ARC is implemented in IBM DB2, PostgreSQL (rewritten to avoid IBM’s patent), and ZFS.

Better Policies: Localization and Priority Hints

Beyond choosing a good eviction algorithm, two additional optimizations help reduce buffer pool pollution:

Localization — the DBMS chooses which pages to evict on a per-query basis. This minimizes the pollution of the buffer pool from each query. For example, Postgres assigns a limited number of buffer pool pages to a sequential scan query and uses them as a circular ring buffer.

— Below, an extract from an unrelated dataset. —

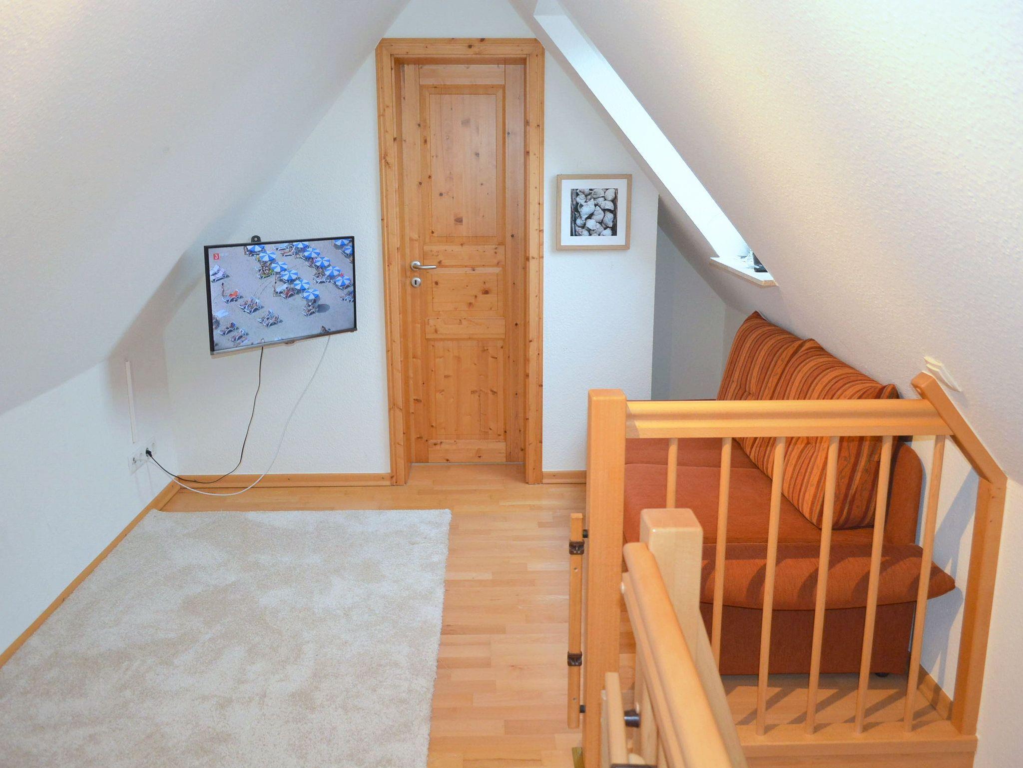 Flur 2: Couch, Kindertreppengitter, Sat-TV, Treppe nach unten

Priority Hints — the DBMS knows the context of each page during query execution and can hint to the buffer pool whether a page is important or not. For instance, the root page of a B-tree index is accessed by nearly every query and should have high eviction priority protection, while leaf pages traversed during an insert are unlikely to be needed again soon.

Dirty Pages

Now let’s consider what happens when we actually evict a page. Not all evictions are equal — it depends on whether the page has been modified.

Fast path vs slow path for dirty page eviction
Evicting a clean page is instant (fast path — just drop it). Evicting a dirty page requires writing it back to disk first (slow path).
  • Fast Path — the page is not dirty, so the DBMS can simply “drop” it from the buffer pool.
  • Slow Path — the page is dirty, so the DBMS must write the changes back to disk before eviction to ensure data synchronization between memory and disk.

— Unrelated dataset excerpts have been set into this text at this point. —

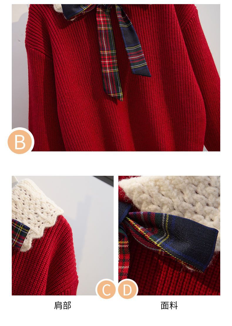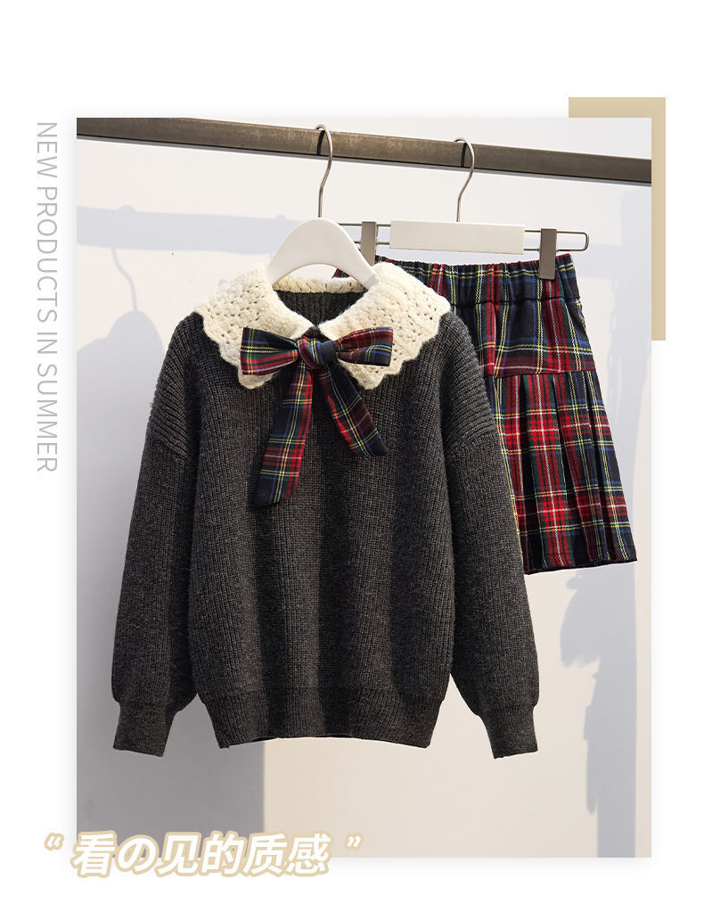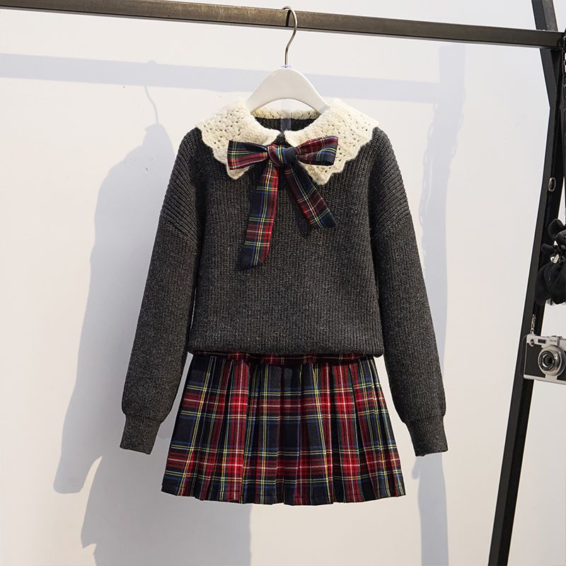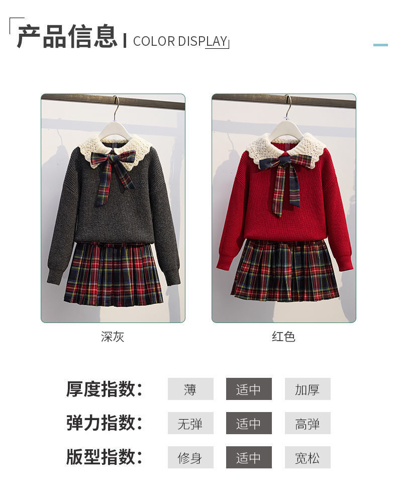 여자 니트 풀오버 스웨터 투피스 세트 어린이 가을과 겨울 새로운 스타일 학업 스타일 jk 세트 주름 치마 레드스토어 가기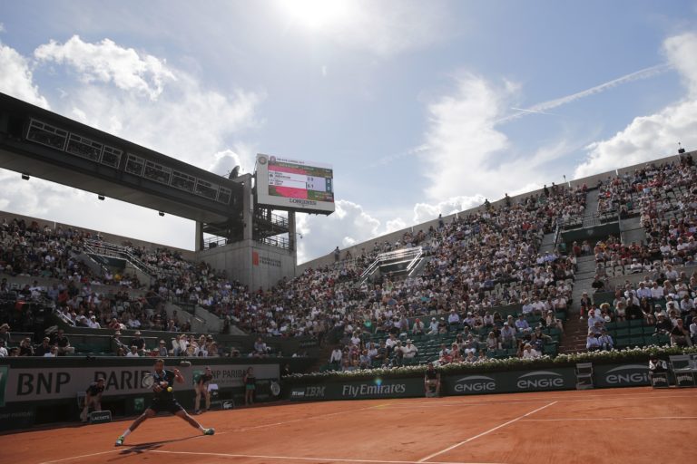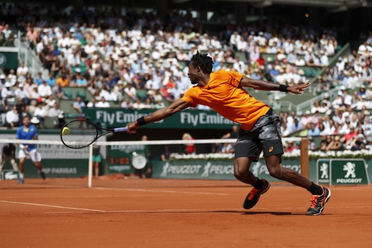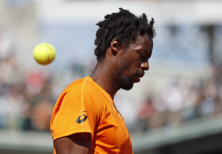 Francúzsky tenista Gael Monfils počas osemfinálového zápasu na Roland Garros, v ktorom podľahol Švajčiarovi Stanovi Wawrinkovi 5:7, 6:7, 2:6. Paríž, 5. jún 2017. Foto: SITA/AP.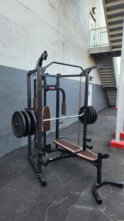 $1000 Home Gym Power Rack Smith Machine + Reclynable Bench+240 Pounds&Libras & Plates Set. 45s pair Olympic 25s pair Standard & 1inches Hold 25s pa$1,000Miami, FL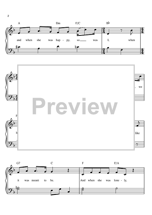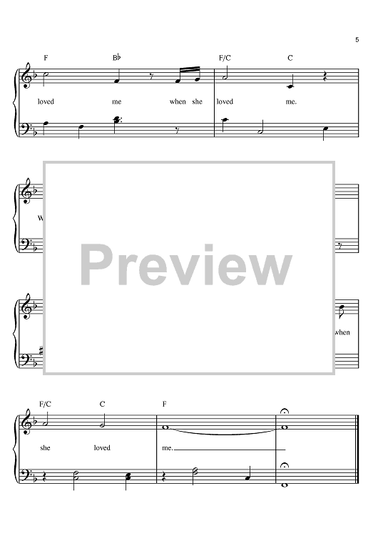 Digital Sheet Music for When She Loved Me by Sarah McLachlan, Randy Newman scored for Easy Piano; id:387377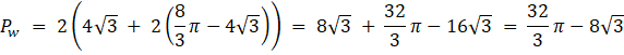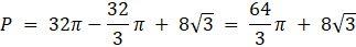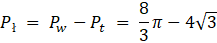 Pole narysowanej figury jest równe dwóm polom koła pomniejszonym o pole części wspólnej:
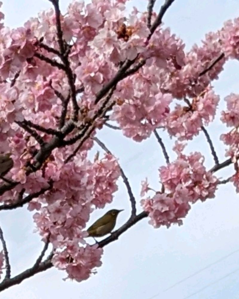 グリーン道路沿いに咲く河津桜ビンクが可愛い桜に可愛いメジロの桜ジローが一休み✌️

There is a trade-off between fast evictions versus dirty writing pages that will not be read again in the future. To avoid always hitting the slow path at eviction time, the DBMS uses background writing (also called page cleaning or buffer flushing). A background thread periodically walks through the page table and preemptively writes dirty pages to disk. When a dirty page is safely flushed, the DBMS can either evict the page immediately or just reset its dirty flag so it can be dropped quickly later.

One caveat: the system must be careful not to write dirty pages before their log records are written — this is the write-ahead logging constraint covered in a later post.

Disk I/O Scheduling

The OS and hardware try to maximize disk bandwidth by reordering and batching I/O requests, but they do not know which requests are more important than others. Many DBMSs recommend switching Linux to the deadline or noop (FIFO) I/O scheduler — for example, Oracle, Vertica, and MySQL all recommend this.

The DBMS maintains its own internal queue(s) to track page read/write requests from the entire system, computing priorities based on several factors:

  • Sequential vs. Random I/O
  • Critical Path Task vs. Background Task
  • Table vs. Index vs. Log vs. Ephemeral Data
  • Transaction Information
  • User-based SLAs

The OS doesn’t know these things and is going to get in the way of our beautiful DBMS.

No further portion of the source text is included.